Problem ->
Below are records; reproduce exactly the lines from the one that has "YSL Calfskin Matelasse" through the one that has "There’s a quiet", ends included, and nothing more.

Source material ->

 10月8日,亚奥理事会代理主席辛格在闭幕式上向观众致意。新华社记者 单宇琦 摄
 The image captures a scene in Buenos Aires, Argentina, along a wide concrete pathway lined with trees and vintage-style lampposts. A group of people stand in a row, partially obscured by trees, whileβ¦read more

...

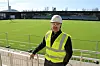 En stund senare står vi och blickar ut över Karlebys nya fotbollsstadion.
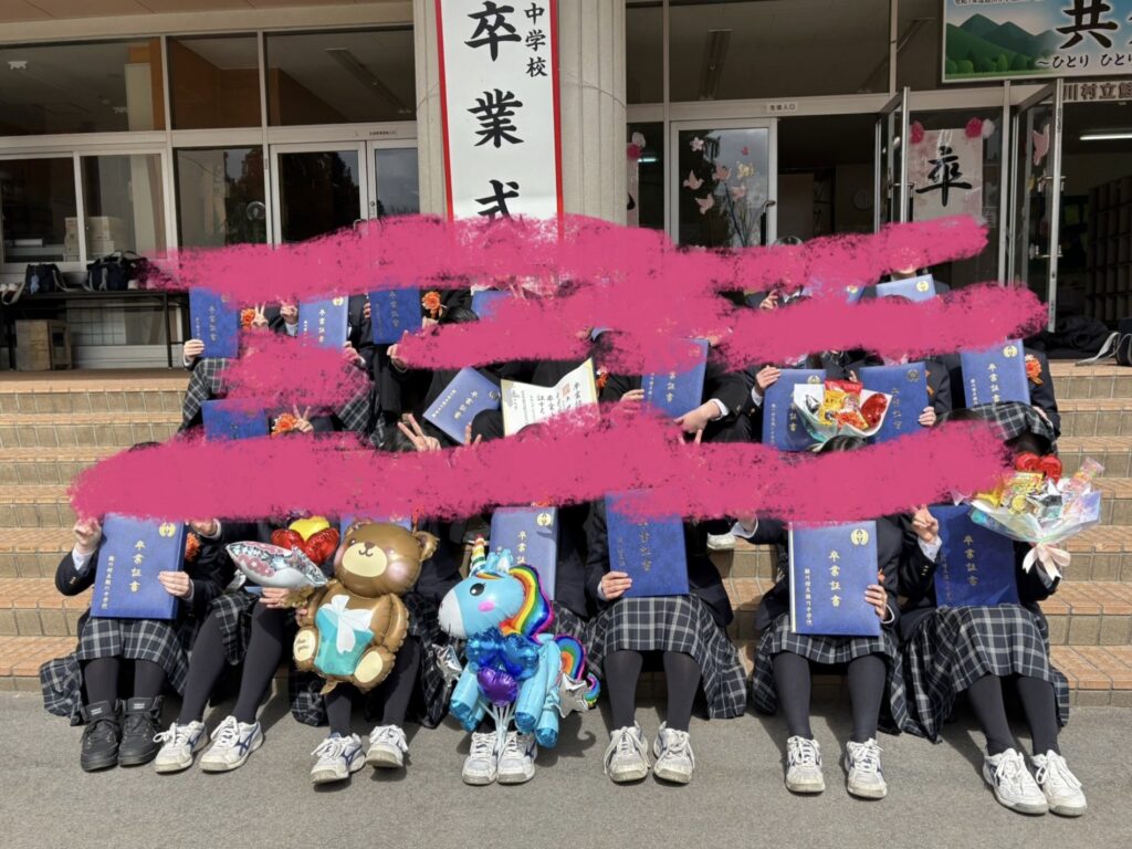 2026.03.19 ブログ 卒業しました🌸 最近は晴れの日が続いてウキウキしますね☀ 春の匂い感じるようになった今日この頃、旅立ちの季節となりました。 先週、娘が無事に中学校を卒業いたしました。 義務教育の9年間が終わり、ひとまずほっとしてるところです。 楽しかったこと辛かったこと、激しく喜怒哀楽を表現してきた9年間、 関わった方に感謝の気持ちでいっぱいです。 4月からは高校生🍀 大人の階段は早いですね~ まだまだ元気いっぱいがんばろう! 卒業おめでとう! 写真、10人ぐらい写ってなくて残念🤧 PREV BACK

* * *

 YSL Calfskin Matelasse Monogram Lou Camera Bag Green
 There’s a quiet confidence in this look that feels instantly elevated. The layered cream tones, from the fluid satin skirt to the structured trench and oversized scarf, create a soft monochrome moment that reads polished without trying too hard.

Task output ->
 YSL Calfskin Matelasse Monogram Lou Camera Bag Green
 There’s a quiet confidence in this look that feels instantly elevated. The layered cream tones, from the fluid satin skirt to the structured trench and oversized scarf, create a soft monochrome moment that reads polished without trying too hard.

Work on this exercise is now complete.